▸ About this task: Give back an exact copy of the lines in the records below, from the line that has "In Pharmaceutics:Light-activated Inorganic" through the line that has "FPS、248 FPS,且延迟均为34 ms左右。", and nothing besides.

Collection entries
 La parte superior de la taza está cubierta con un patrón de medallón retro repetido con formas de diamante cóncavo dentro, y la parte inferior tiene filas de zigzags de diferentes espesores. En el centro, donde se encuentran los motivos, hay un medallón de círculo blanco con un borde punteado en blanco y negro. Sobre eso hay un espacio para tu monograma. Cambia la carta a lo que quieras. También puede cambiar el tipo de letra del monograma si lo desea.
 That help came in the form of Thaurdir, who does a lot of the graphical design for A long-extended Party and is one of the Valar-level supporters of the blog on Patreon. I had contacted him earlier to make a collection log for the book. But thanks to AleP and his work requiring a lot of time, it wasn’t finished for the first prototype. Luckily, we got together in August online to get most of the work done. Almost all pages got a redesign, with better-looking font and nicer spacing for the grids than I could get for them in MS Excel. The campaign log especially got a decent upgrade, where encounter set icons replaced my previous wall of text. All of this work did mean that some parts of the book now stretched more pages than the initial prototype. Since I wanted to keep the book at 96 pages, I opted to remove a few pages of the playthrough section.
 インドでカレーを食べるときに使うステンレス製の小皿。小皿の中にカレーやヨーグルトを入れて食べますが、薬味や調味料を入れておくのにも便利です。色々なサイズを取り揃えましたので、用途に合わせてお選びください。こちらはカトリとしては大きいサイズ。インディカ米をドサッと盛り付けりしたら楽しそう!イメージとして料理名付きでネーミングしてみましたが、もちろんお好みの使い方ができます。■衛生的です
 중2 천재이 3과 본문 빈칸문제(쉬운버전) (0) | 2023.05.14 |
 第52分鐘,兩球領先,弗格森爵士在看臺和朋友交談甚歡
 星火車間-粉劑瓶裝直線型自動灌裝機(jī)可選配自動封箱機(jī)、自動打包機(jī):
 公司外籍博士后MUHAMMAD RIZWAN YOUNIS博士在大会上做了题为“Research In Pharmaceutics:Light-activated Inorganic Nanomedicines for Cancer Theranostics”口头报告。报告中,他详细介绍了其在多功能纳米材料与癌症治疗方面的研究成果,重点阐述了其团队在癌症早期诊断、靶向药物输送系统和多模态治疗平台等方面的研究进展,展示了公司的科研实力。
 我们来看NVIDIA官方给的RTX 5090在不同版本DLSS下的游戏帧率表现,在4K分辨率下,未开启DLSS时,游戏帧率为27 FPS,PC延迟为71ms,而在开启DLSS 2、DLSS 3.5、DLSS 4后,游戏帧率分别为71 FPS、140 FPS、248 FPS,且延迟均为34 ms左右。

* * *

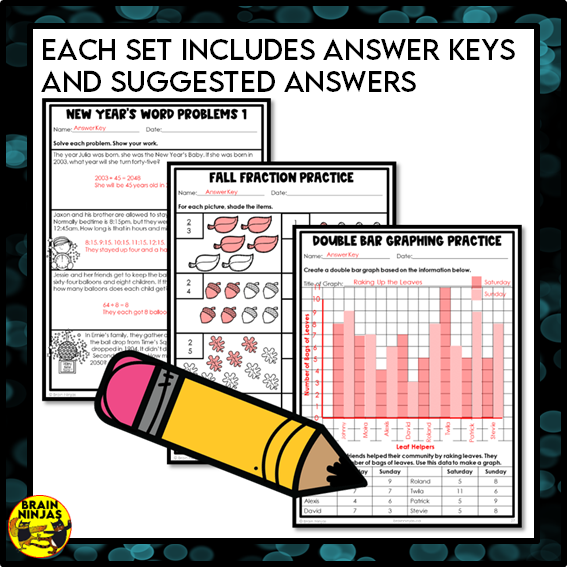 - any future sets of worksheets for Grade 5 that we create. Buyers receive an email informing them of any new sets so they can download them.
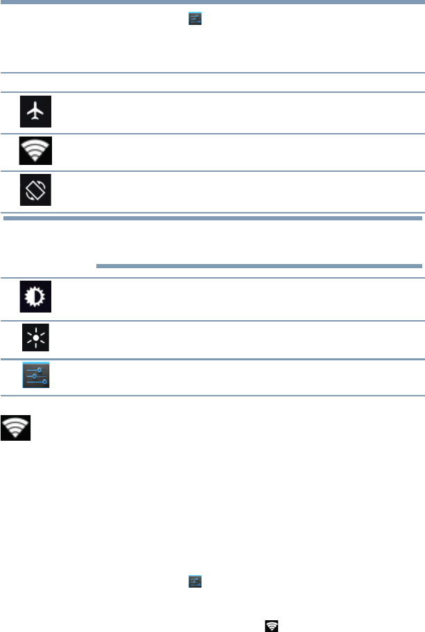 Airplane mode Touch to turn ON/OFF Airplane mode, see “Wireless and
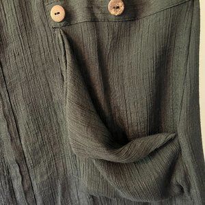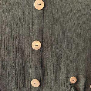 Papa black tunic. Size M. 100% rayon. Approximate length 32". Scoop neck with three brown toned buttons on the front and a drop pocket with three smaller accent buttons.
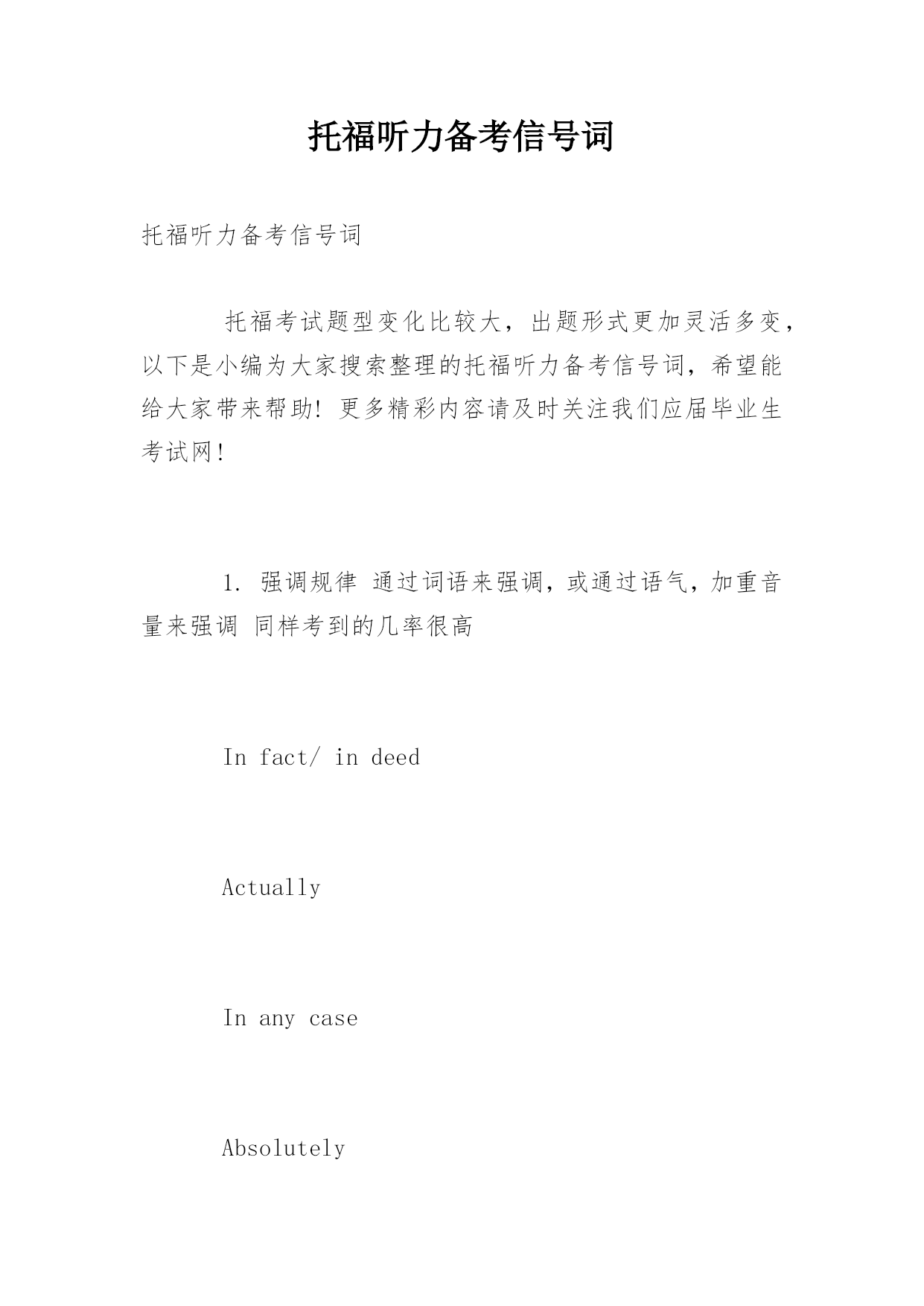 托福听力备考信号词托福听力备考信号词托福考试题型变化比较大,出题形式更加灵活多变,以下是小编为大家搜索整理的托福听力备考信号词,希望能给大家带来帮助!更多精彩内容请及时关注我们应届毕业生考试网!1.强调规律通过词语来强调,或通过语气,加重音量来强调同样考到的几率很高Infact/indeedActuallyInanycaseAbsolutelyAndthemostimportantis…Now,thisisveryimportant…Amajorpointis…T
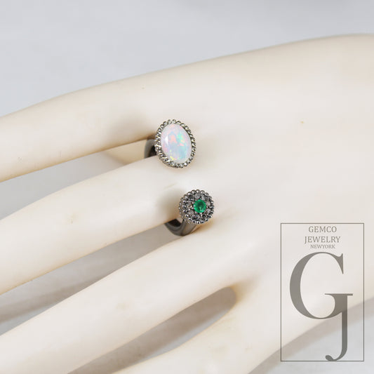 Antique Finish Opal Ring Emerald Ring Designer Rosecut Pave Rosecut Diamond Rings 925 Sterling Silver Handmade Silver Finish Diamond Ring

▸ Answer to this problem:
 公司外籍博士后MUHAMMAD RIZWAN YOUNIS博士在大会上做了题为“Research In Pharmaceutics:Light-activated Inorganic Nanomedicines for Cancer Theranostics”口头报告。报告中,他详细介绍了其在多功能纳米材料与癌症治疗方面的研究成果,重点阐述了其团队在癌症早期诊断、靶向药物输送系统和多模态治疗平台等方面的研究进展,展示了公司的科研实力。
 我们来看NVIDIA官方给的RTX 5090在不同版本DLSS下的游戏帧率表现,在4K分辨率下,未开启DLSS时,游戏帧率为27 FPS,PC延迟为71ms,而在开启DLSS 2、DLSS 3.5、DLSS 4后,游戏帧率分别为71 FPS、140 FPS、248 FPS,且延迟均为34 ms左右。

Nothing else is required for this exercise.